[FFmpeg-devel] [PATCH] Some IWMMXT functions for libavcodec #2

Tue May 20 17:06:37 CEST 2008

Siarhei Siamashka wrote:

>> ... Now we can shift all the B operations relative to A down and get the
>> following: 
>>
>> A1
>> .. - empty slot
>> A2
>> B1
>> A3
>> B2
>> A4
>> B3
>> B4
>>
>> This code will take 9 cycles.
> 
> Except that will be actually 10 cycles and the following pattern, sorry for
> typo:
> 
> A1
> .. - empty slot
> A2
> B1
> A3
> B2
> A4
> B3
> .. - empty slot
> B4

That's OK. But, as for pix_sum, if we have nothing to fill empty slot,

A1
A2
A3
A4
B1
B2
B3
B4

is as fast as

A1
A2
A3
B1
A4
B2
B3
B4

And, as it's expected,

A1
A2
B1
A3
B2
A4
B3
B4

is slower.

Yes, your test_cachemiss is ~13% slower on XScale too. So doing pre-increment
if possible should be considered as a good idea (for pix_sum, it's at the cost
of having 1 'sub').

So, I'm voting for something like the following for pix_sum (it might be
a bit unreadable without preprocessing :-):

#ifdef HAVE_IWMMXT2
#define LOAD16_iwmmxt2(w0,w1,r0,r1)               \
     "wldrd wr" #w1 ", [%" #r0 ", %" #r1 "]! \n\t" \
     "wldrd wr" #w0 ", [%" #r0 ", #8]        \n\t"
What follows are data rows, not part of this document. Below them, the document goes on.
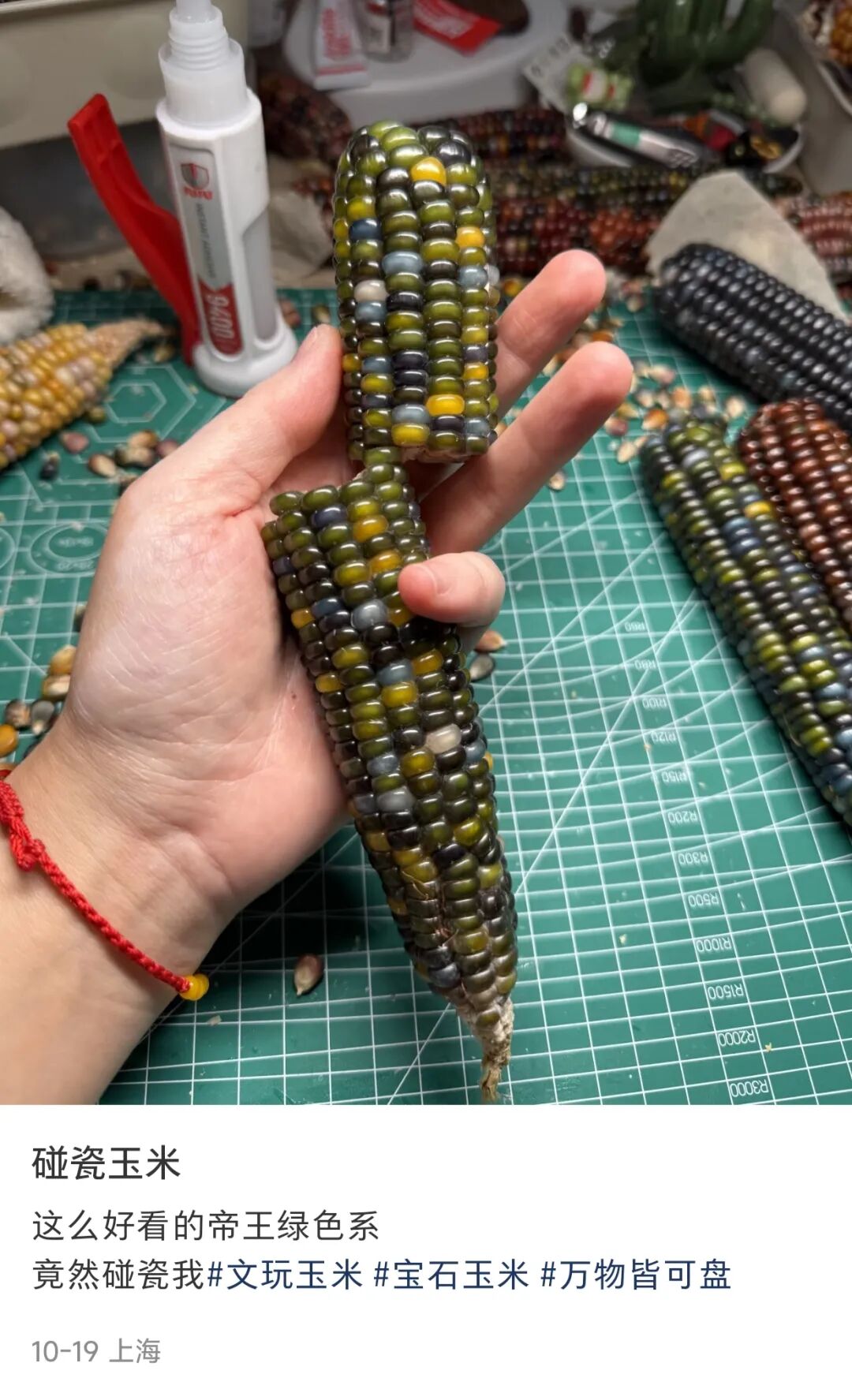 丁丁也表示,文玩玉米的走红其实和当下的“万物皆可盘”有关,“很多消费者追求的并不是材质昂贵,而是通过‘盘’这个动作,舒缓压力、消磨时间;另外还可以从文玩玉米的变化当中得到情绪价值,实现‘悦己消费’。”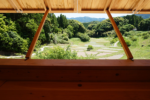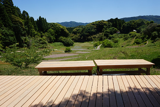 今年は棚田の一番上に、昨年のHOUSE VISIONで良品計画さんが展示した棚田オフィスが移築され、さらに棚田オフィスの横には能舞台のようなウッドデッキも完成しました。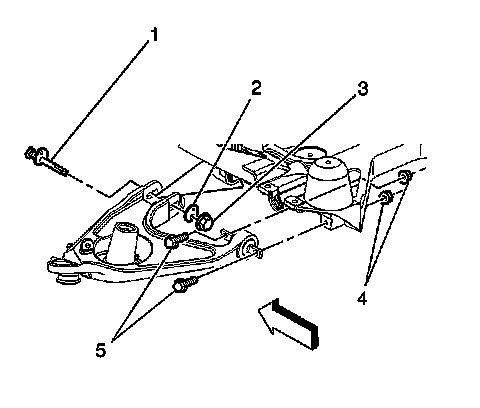 2. Loosen rear lower control arm mounting nuts (3, 4).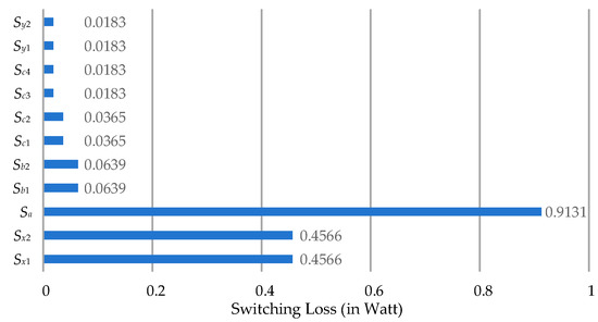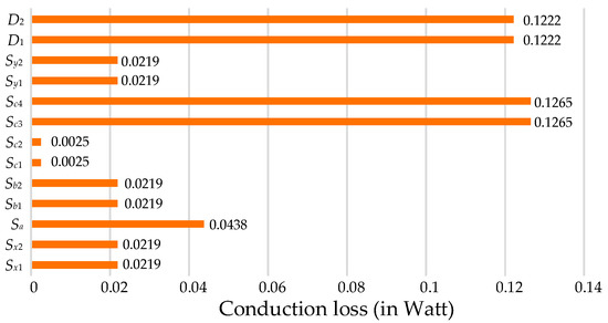 Figure 9 shows the conduction losses of various diodes and switches. The load current is still assumed to be Equation (10). The Vdc is still set to be 24 V and load is set as 200 Ω. The on-state resistance is set as 0.38 Ω and the forward voltage is regarded as 0.8 V. The output current is assumed to be the Equation (10). Therefore, the total conduction loss is estimated to be 0.6776 W.
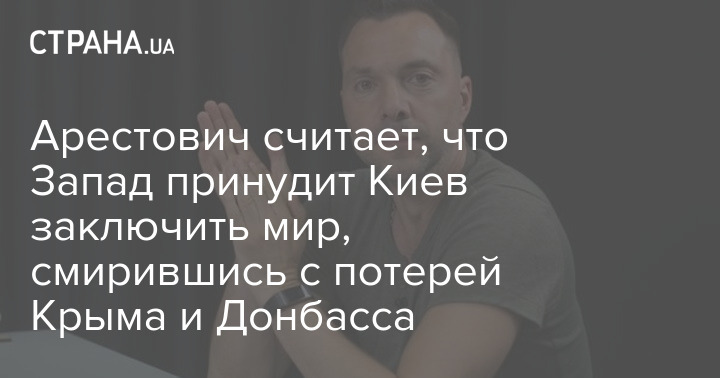 Бывший советник Офиса президента Алексей Арестович считает, что Запад будет принуждать Украину подписать мир, поступившись территориями Крыма и Донбасса.

#define SUB_iwmmxt2(x,y) "sub %" #x ", %" #x ", %" #y "\n\t"
#endif

#define LOAD16_iwmmxt(w0,w1,r0,r1)              \
     "wldrd wr" #w0 ", [%" #r0 "]          \n\t" \
     "wldrd wr" #w1 ", [%" #r0 ", #8]      \n\t" \
     "add %" #r0 ", %" #r0 ", %" #r1 "     \n\t"

#define SUB_iwmmxt(x,y)

#define SUM(name,x,y,z,t)           \
     LOAD16_ ##name(x, y, 1, 2)      \
     LOAD16_ ##name(z, t, 1, 2)      \
     "wsadb wr0, wr" #x ", wr5 \n\t" \
     "wsadb wr0, wr" #y ", wr5 \n\t" \
     "wsadb wr0, wr" #z ", wr5 \n\t" \
     "wsadb wr0, wr" #t ", wr5 \n\t"

#define DEF_PIX_SUM(name)                               \
static int pix_sum_ ##name(uint8_t *pix, int line_size) \
{                                                       \
     int s;                                              \
                                                         \
     assert(!((unsigned long)pix & 7));                  \
     assert(!(line_size & 7));                           \
                                                         \
     asm volatile("wzero wr0                 \n\t"       \
                  "wzero wr5                 \n\t"       \
                  SUB_ ##name(1, 2)                      \
                  SUM(name, 1, 2, 3, 4)                  \
                  SUM(name, 1, 2, 3, 4)                  \
                  SUM(name, 1, 2, 3, 4)                  \
                  SUM(name, 1, 2, 3, 4)                  \
                  SUM(name, 1, 2, 3, 4)                  \
                  SUM(name, 1, 2, 3, 4)                  \
                  SUM(name, 1, 2, 3, 4)                  \
                  SUM(name, 1, 2, 3, 4)                  \
                  "textrmsw %0, wr0, #0      \n\t"       \
                  : "=r"(s), "+r"(pix)                   \
                  : "r"(line_size));                     \
     return s;                                           \
}

DEF_PIX_SUM(iwmmxt)
#ifdef HAVE_IWMMXT2
DEF_PIX_SUM(iwmmxt2)
#endif
#undef DEF_PIX_SUM
#undef SUM

If 'pix' is fully cached, WMMX2 version is ~19% faster. Otherwise,
it goes at the same speed as WMMX (it looks like loading uncached
data is quite expensive, so an overhead introduced by 'add's is
marginal).

Dmitry